For more information about any of these topics, please contact your SRP Managing Director.

Washington Update

A number of bills are moving rapidly through the House and the Senate that would (if passed and signed) enhance the retirement plans of many Americans. While these bills continue to morph, below is a general description of provisions as of early April 2019.

Retirement Security & Savings Act
Senators Rob Portman (R-Ohio) and Ben Cardin (D-Maryland) introduced the Retirement Security & Savings Act in December 2018 and have reintroduced it in 2019. The Act is considered to be as sweeping as prior legislation, specifically the Economic Growth and Tax Relief Reconciliation Act (EGTRRA) of 2001, and Pension Protection Act (PPA) of 2006. Proposals that would impact governmental plans include:

  • Eliminate the 457(b) “first day of the month” rule
  • Permit 457(b) plans to allow in-service distributions at age 59½ rather than 70½
  • Eliminate the Required Minimum Distributions (RMD) from Roth 457(b)
  • Allow rollovers from Roth IRAs to Roth 457 plans
  • Allowing non-spousal beneficiaries to roll assets into their employer-based plans\
  • Updating the mortality tables used when calculating RMD at age 70½
  • Exempting small accounts (less than $100,000) from the RMD calculation
  • Creating an additional catch-up option for participants over age 60
  • Simplifying auto-enrollment participant notices
  • Allowing employer matching to retirement plans for student loan payments

Retirement Enhancement and Savings Act
Representatives Ron Kind (D-WI) and Mike Kelly (R-PA) introduced the Retirement Enhancement and Savings Act (RESA) in February. While RESA is primarily aimed at private sector plans, it does include a provision that would allow more time for terminating participants to repay outstanding plan loans.

Secure Act
The Setting Every Community Up for Retirement Enhancement Act of 2019 sponsored by Richard Neal (D-MA) and Kevin Brady (R-TX) has passed unanimously out of the House Ways and Means Committee as of early April and will go to the full House. This bill includes the core provisions of RESA making smaller employers able to join multiple employer plans and includes a safe harbor for selecting lifetime income providers in defined contribution plans. The latest provision of Lifetime Income Disclosure Act (LIDA) has been challenged by plan sponsors as being inflexible. More on both RESA and Secure Act as they move through the House and Senate, but they appear to be supported by both parties and will likely go to Conference Committee and head to the White House.
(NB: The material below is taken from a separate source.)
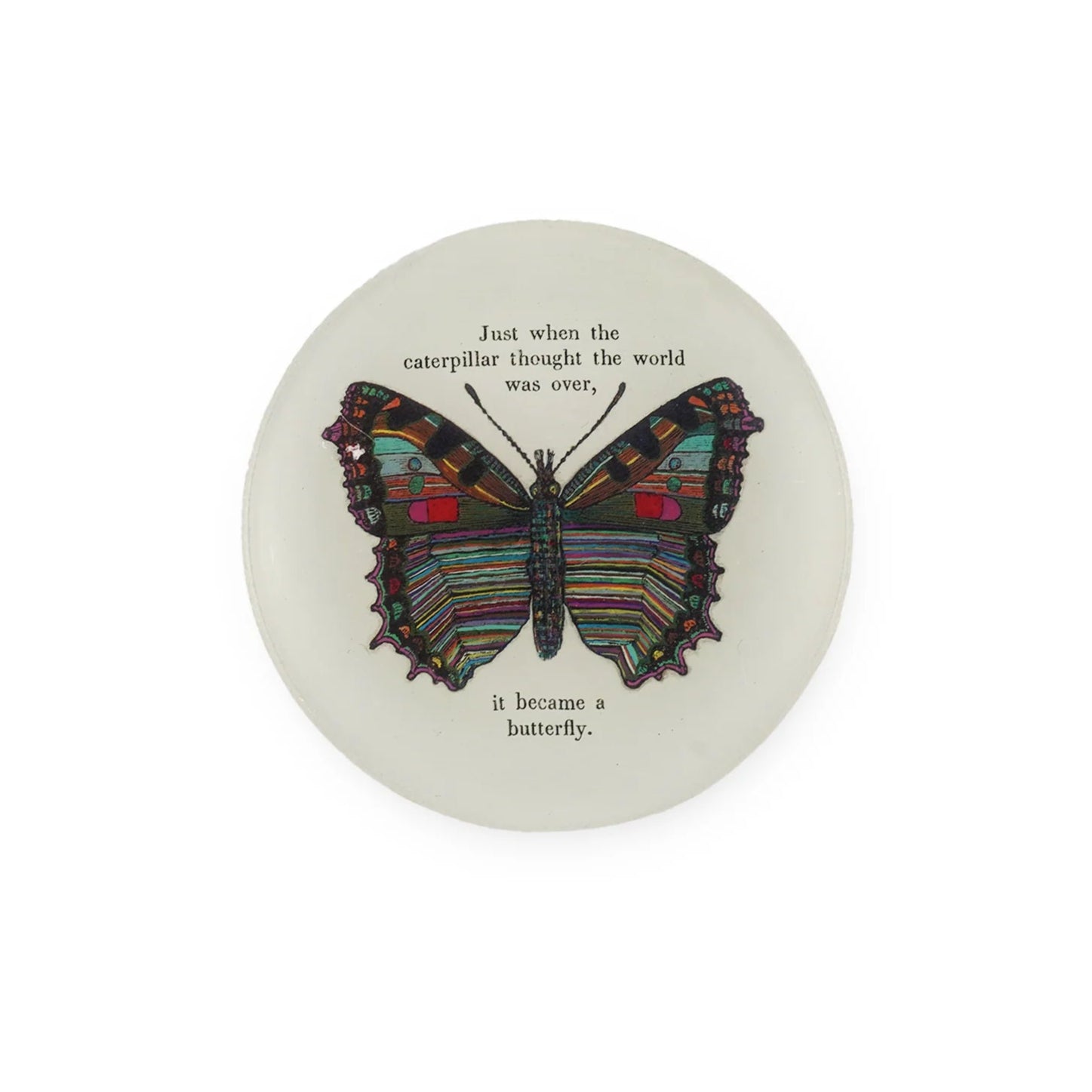 Small in size but big on charm, our Mini Round Decoupage Plate is a tiny treasure with a lot to say. Whether it’s a tender quote, a whimsical illustration, or a gentle reminder to dream bigger, each plate is a little love note for your everyday moments. Made with glass and original art by Rebecca Puig (art reprinted into tray). The bottom of the tray is gold foil.

NAGDCA Legislative Priorities
Each spring, the NAGDCA Executive Board visits congressional representatives in Washington DC to advocate for governmental retirement savings plans and participants. In addition to some of the above proposals, the Board is advocating for:

  • Eliminating the “First Day of the Month” rule for 457(b) plans
  • Allowing participants to roll Roth IRAs into their plan accounts
  • Exempting Roth contributions from the RMD calculation
  • Preserving important unique plan features, including allowing both pre-tax and Roth options; maintaining the 10% early withdrawal penalty exclusion in 457(b) plans; and maintaining both traditional and over-50 catch-up provisions.